Clinical Use of Ketamine in Suicide Prevention
Available with English captions and subtitles in Spanish.
Presented by Alan F. Schatzberg, MD, Stanford School of Medicine
Since acute prevention of suicide in people with mood disorders remains a major unsolved issue, ketamine, and more recently esketamine, has received much attention as an antidepressant treatment. In this talk, Schatzberg reviews the data on ketamine, and discusses the research he and his colleagues are conducting to effectively treat suicidal patients with the medication.
Watch now to learn more about:
- Medications used to treat suicidal behavior
- Ketamine’s potential and drawbacks in suicide prevention
- How researchers are working to make ketamine more effective
Ketamine is an intravenous anesthetic agent used primarily for chronic pain and for anesthesia. Schatzberg points out that the medication has exciting implications for treating depression, but its associated challenges include misuse, short-term side effects, such as tachycardia and nausea, as well as the potential for dissociation.
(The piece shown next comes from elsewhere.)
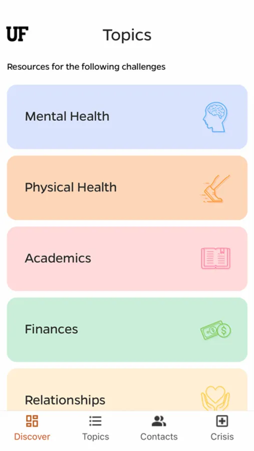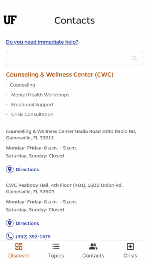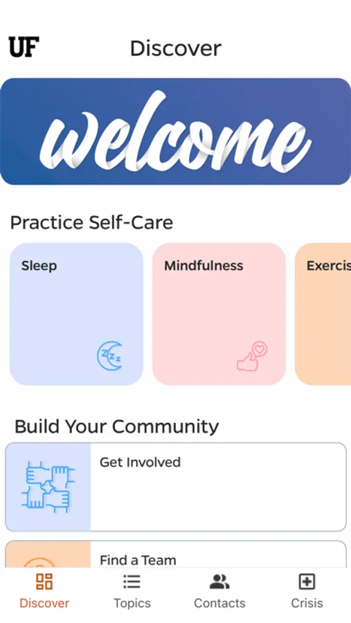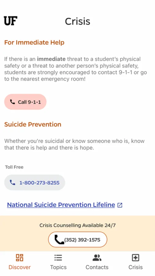 The Contacts and Crisis tabs provide straightforward suggestions for connecting you with the right resource. You can schedule an appointment with UF Counseling and Wellness Center and more from the app.

According to Schatzberg, ketamine’s greatest drawback, however, is that its acute antidepressant efficacy is not sustained. A ketamine response typically only lasts for six to seven days after administration.
Schatzberg reviews several studies that largely illustrate the decline in ketamine’s efficacy over time. He discusses work that he, his colleagues, and other researchers have done to determine ketamine’s antidepressant effect.
He describes a current, ongoing study that he and his colleagues are conducting. In their research, they are investigating if it is effective to give patients an IV infusion of ketamine followed by very low doses of buprenorphine for three to four weeks.